Items from a dataset:
***
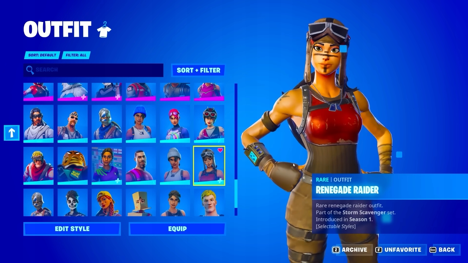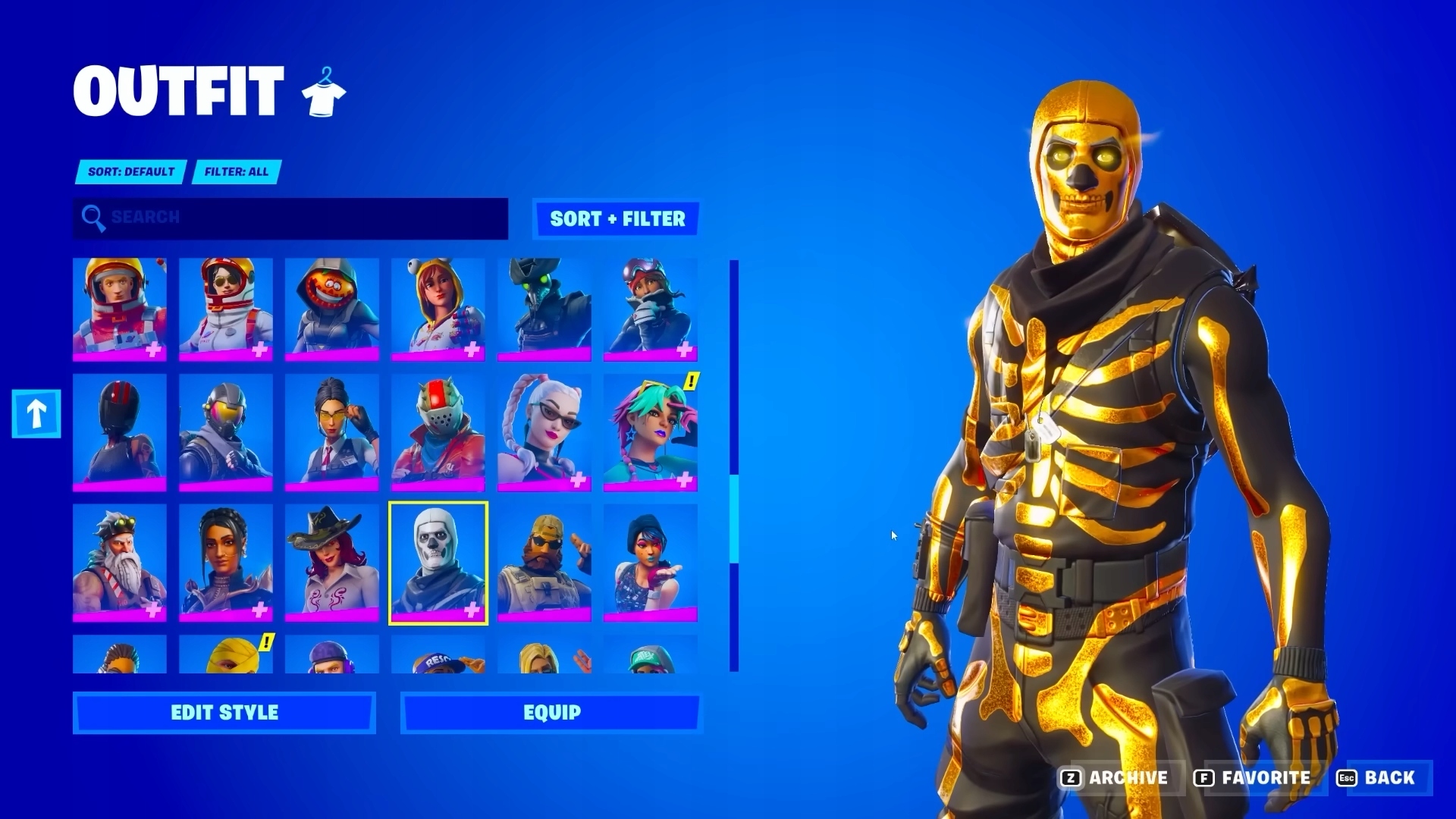 - скінів із 1 сезону до 22 ( Rege, Black, Skull, Ghoul Og, Mako, Travis, Ikonik, Galaxy, Midas...)
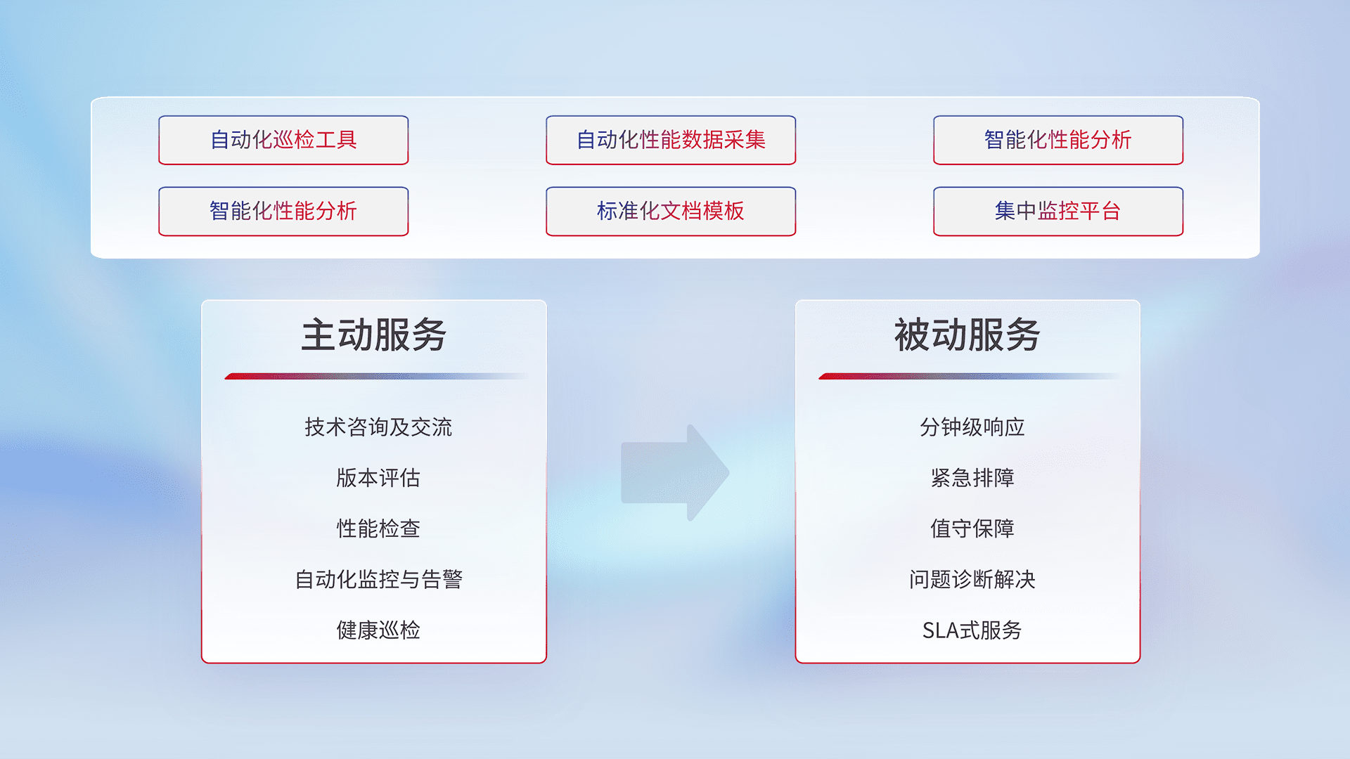 智能化工具和标准化文档,,,,保障服务质量,,提供主动服务(包含技术咨询、、、、版本评估、、性能检查、、、、自动化监控与告警、、健康巡检)和被动服务包含(分钟级响应、、紧急排障、、值守保障、、问题诊断解决、、、、SLA服务)。。。。
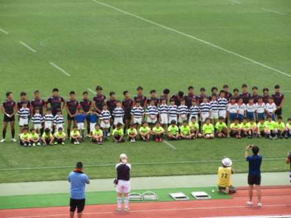 5月26日(日),「春季総合体育大会 ラグビーフットボール」競技の部決勝が,西京極陸上競技場で行われました。30度を超える真夏日の中,西陵中学校との熱戦が展開されました。
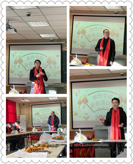 新春将至,年味渐浓。为增强学院上下的凝聚力与向心力,丰富学院教职工的精神生活,营造喜庆的节日气氛,伴随冬日的阳光,2022年1月15日下午3时,软件学院工会举办了2022年新春茶话会。院党委书记孙豫峰,院长宋文爱,院党委副书记高宏图,院教学副院长李众悉数出席,学院教师们踊跃参加。
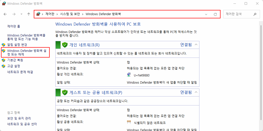 윈도우11의 방화벽을 해제하려면 두 가지의 방화벽 설정을 해제해야 합니다.
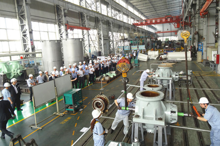 這次生產(chǎn)革新大會的目的是加速推進荏原集團內(nèi)部各工廠的生產(chǎn)革新活動的開展,目標是生產(chǎn)周期減半、庫存減半、最大限度地提高生產(chǎn)效率,降低成本,增強企業(yè)競爭力。通過生產(chǎn)革新活動,達到從現(xiàn)場改善提升到管理系統(tǒng)改善、人的改善的目標,使“產(chǎn)品制作”流程優(yōu)化。在這次大會上,公司總經(jīng)理王正軍向與會代表介紹了EMZ的經(jīng)營發(fā)展狀況,并帶領(lǐng)與會人員參觀工廠,詳細介紹了生產(chǎn)革新的進展情況。
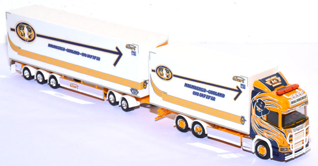 Angelehnt an das bekannte Design von ASG hat sich Micke Malmberg diesen Schwedenzug lackieren lassen und weicht somit vom eigentlich violetten Design von Malmberg aus Visby (Gotland, Schweden) ab. Mit der auffälligen Lackierung der Fahrerkabine rangiert das Original in den Top 10 der Nordic Trophy und hat bereits zahlreiche Auszeichnungen eingefahren. (Quelle: Herpa)
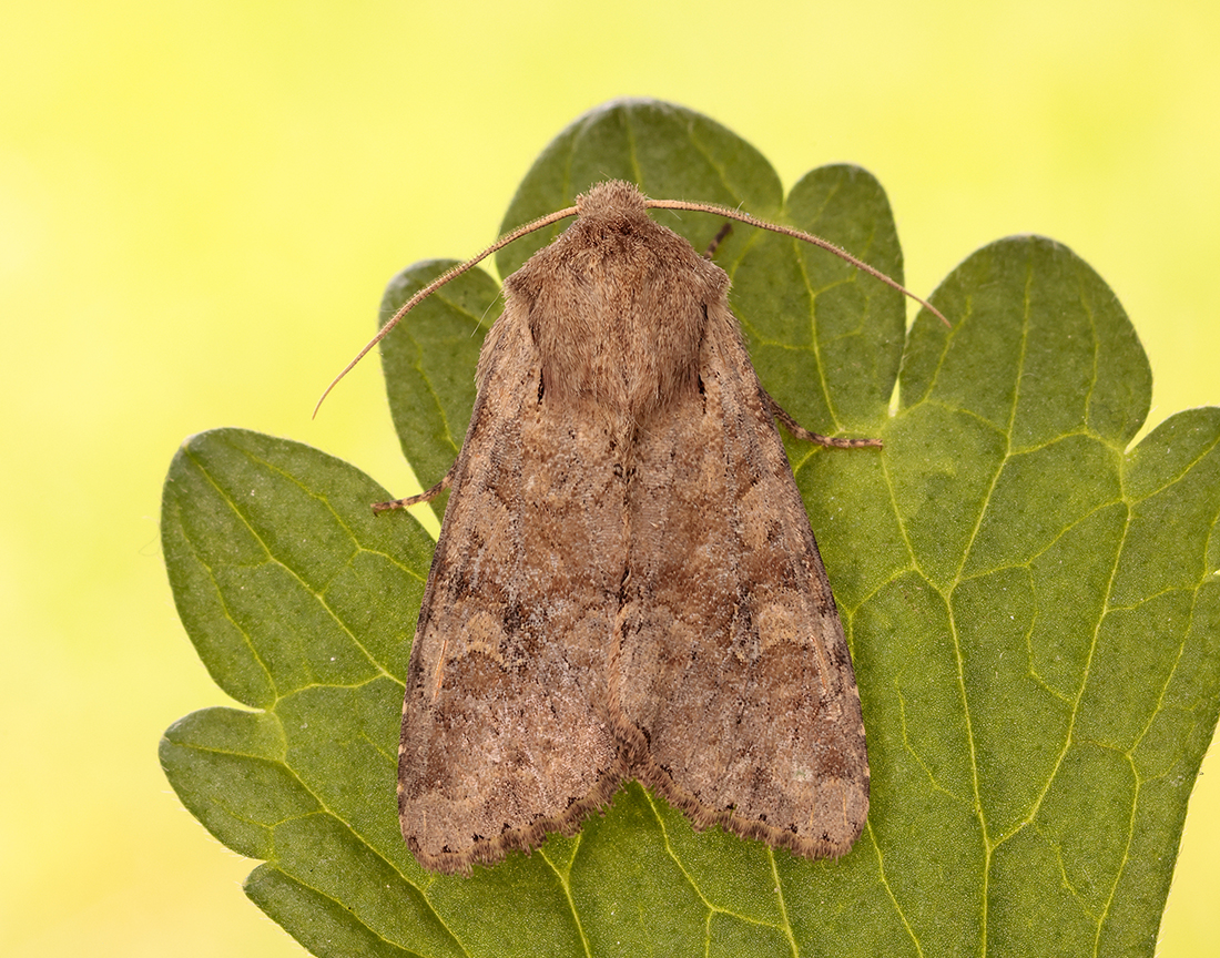 The broad, plain, sandy-brown or greyish-brown forewing with a black basal streak is diagnostic.
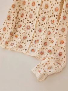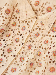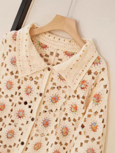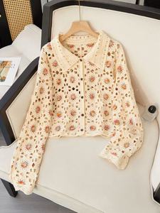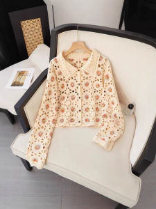 新款秋季复古钩花撞色短袖针织设计感小众别致短款上衣潮
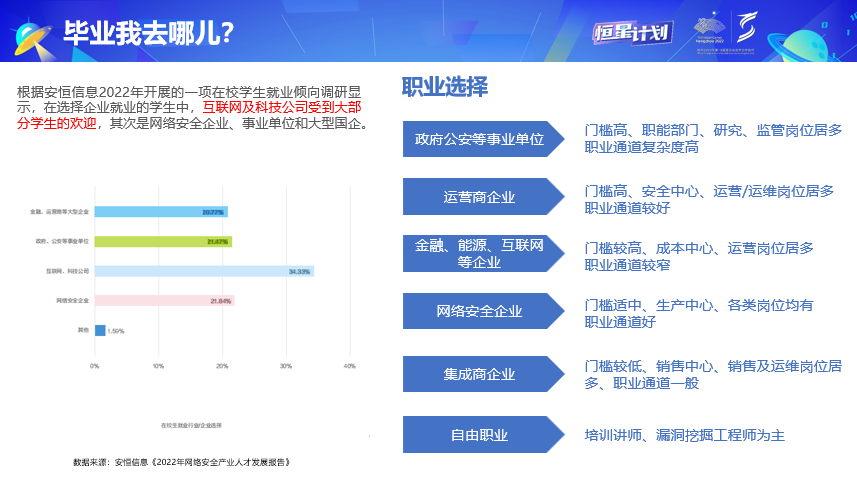 韩经理对有志于从事网络安全事业的学生提出了建议,对大家今后学习的蓝图和方向进行了指导,并指明了就业方向。希望学生在日常的学习和生活中,时刻牢记要以维护网络安全为己任,通过多种方式努力学习专业知识,强大自身,为国家的网络安全事业做出自己的贡献。
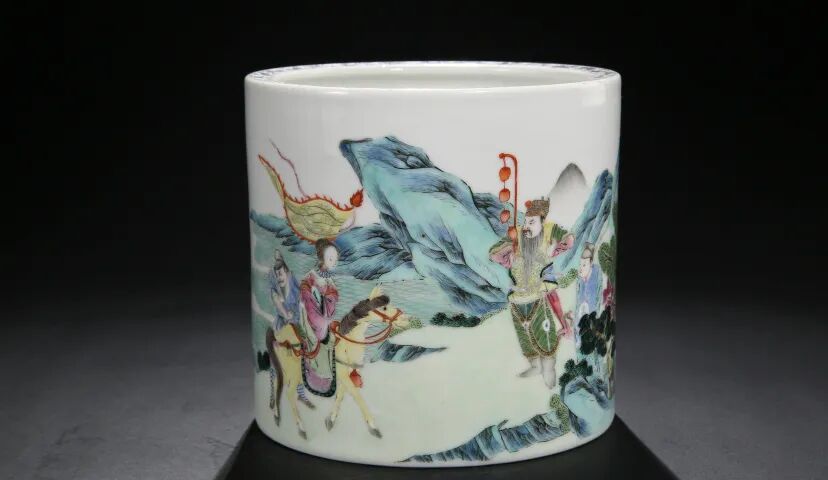 描述:此件清中晚·粉彩人物故事纹笔筒,敛口平沿,圆筒腹,玉璧底,器型规整,胎骨细密,身施白釉,釉质润白。整器品质极高,彰显其使用者情致、风韵兼具,品味高雅。
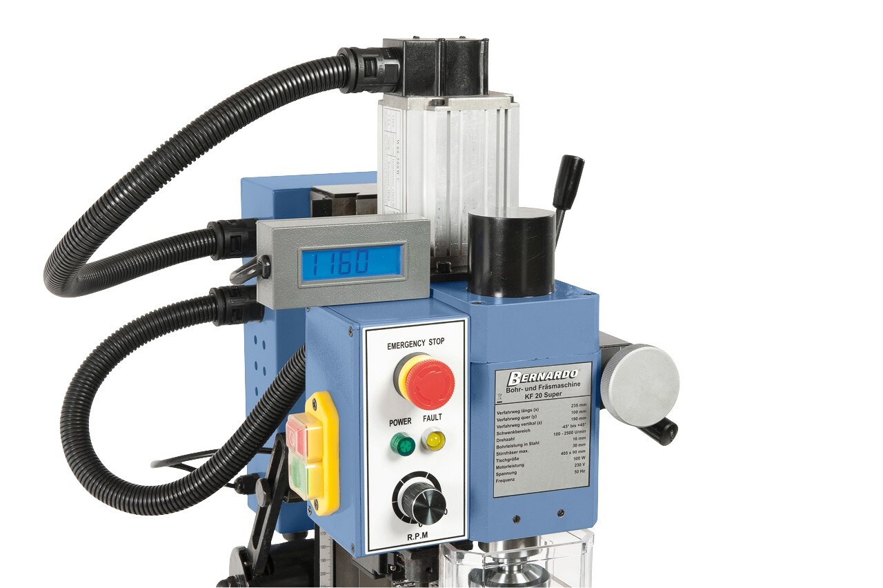 La fresatrice KF 20 Super di Bernardo è una soluzione compatta e potente, progettata per soddisfare le esigenze di modellisti, artigiani e professionisti del fai-da-te. Dotata di un motore a corrente continua brushless, questa macchina offre un'elevata silenziosità e un funzionamento uniforme del mandrino, anche alle velocità più basse. La robustezza e la precisione di questa fresatrice la rendono ideale per lavori di foratura, fresatura e smussatura, garantendo risultati impeccabili su pezzi di piccole e medie dimensioni.
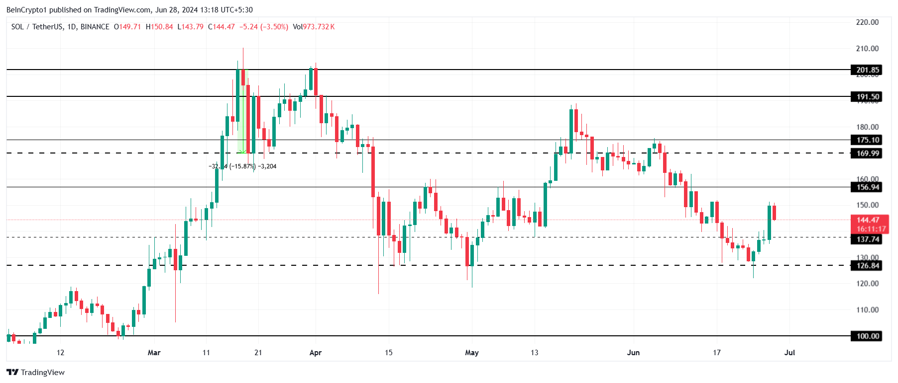 Namun, gagalnya SOL melancarkan breakout bakal menyeretnya turun ke US$126. Adapun level ini telah menjadi support dalam tiga bulan terakhir.
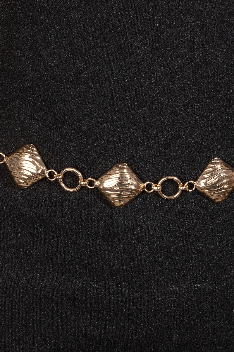 • This piece is designed to make a statement, this chain belt boasts a magnificent metallic textured square design. This chain belt is ideal for both casual and formal events, adding a touch of sophistication to any outfit. Available in S and G. This item is sold in packs of 1.
***
WHAT THE EXERCISE ASKS: An exact copy of every entry above is needed, with the pictures left out.

FINAL ANSWER:
 - скінів із 1 сезону до 22 ( Rege, Black, Skull, Ghoul Og, Mako, Travis, Ikonik, Galaxy, Midas...)
 智能化工具和标准化文档,,,,保障服务质量,,提供主动服务(包含技术咨询、、、、版本评估、、性能检查、、、、自动化监控与告警、、健康巡检)和被动服务包含(分钟级响应、、紧急排障、、值守保障、、问题诊断解决、、、、SLA服务)。。。。
 5月26日(日),「春季総合体育大会 ラグビーフットボール」競技の部決勝が,西京極陸上競技場で行われました。30度を超える真夏日の中,西陵中学校との熱戦が展開されました。
 新春将至,年味渐浓。为增强学院上下的凝聚力与向心力,丰富学院教职工的精神生活,营造喜庆的节日气氛,伴随冬日的阳光,2022年1月15日下午3时,软件学院工会举办了2022年新春茶话会。院党委书记孙豫峰,院长宋文爱,院党委副书记高宏图,院教学副院长李众悉数出席,学院教师们踊跃参加。
 윈도우11의 방화벽을 해제하려면 두 가지의 방화벽 설정을 해제해야 합니다.
 這次生產(chǎn)革新大會的目的是加速推進荏原集團內(nèi)部各工廠的生產(chǎn)革新活動的開展,目標是生產(chǎn)周期減半、庫存減半、最大限度地提高生產(chǎn)效率,降低成本,增強企業(yè)競爭力。通過生產(chǎn)革新活動,達到從現(xiàn)場改善提升到管理系統(tǒng)改善、人的改善的目標,使“產(chǎn)品制作”流程優(yōu)化。在這次大會上,公司總經(jīng)理王正軍向與會代表介紹了EMZ的經(jīng)營發(fā)展狀況,并帶領(lǐng)與會人員參觀工廠,詳細介紹了生產(chǎn)革新的進展情況。
 Angelehnt an das bekannte Design von ASG hat sich Micke Malmberg diesen Schwedenzug lackieren lassen und weicht somit vom eigentlich violetten Design von Malmberg aus Visby (Gotland, Schweden) ab. Mit der auffälligen Lackierung der Fahrerkabine rangiert das Original in den Top 10 der Nordic Trophy und hat bereits zahlreiche Auszeichnungen eingefahren. (Quelle: Herpa)
 The broad, plain, sandy-brown or greyish-brown forewing with a black basal streak is diagnostic.
 新款秋季复古钩花撞色短袖针织设计感小众别致短款上衣潮
 韩经理对有志于从事网络安全事业的学生提出了建议,对大家今后学习的蓝图和方向进行了指导,并指明了就业方向。希望学生在日常的学习和生活中,时刻牢记要以维护网络安全为己任,通过多种方式努力学习专业知识,强大自身,为国家的网络安全事业做出自己的贡献。
 描述:此件清中晚·粉彩人物故事纹笔筒,敛口平沿,圆筒腹,玉璧底,器型规整,胎骨细密,身施白釉,釉质润白。整器品质极高,彰显其使用者情致、风韵兼具,品味高雅。
 La fresatrice KF 20 Super di Bernardo è una soluzione compatta e potente, progettata per soddisfare le esigenze di modellisti, artigiani e professionisti del fai-da-te. Dotata di un motore a corrente continua brushless, questa macchina offre un'elevata silenziosità e un funzionamento uniforme del mandrino, anche alle velocità più basse. La robustezza e la precisione di questa fresatrice la rendono ideale per lavori di foratura, fresatura e smussatura, garantendo risultati impeccabili su pezzi di piccole e medie dimensioni.
 Namun, gagalnya SOL melancarkan breakout bakal menyeretnya turun ke US$126. Adapun level ini telah menjadi support dalam tiga bulan terakhir.
 • This piece is designed to make a statement, this chain belt boasts a magnificent metallic textured square design. This chain belt is ideal for both casual and formal events, adding a touch of sophistication to any outfit. Available in S and G. This item is sold in packs of 1.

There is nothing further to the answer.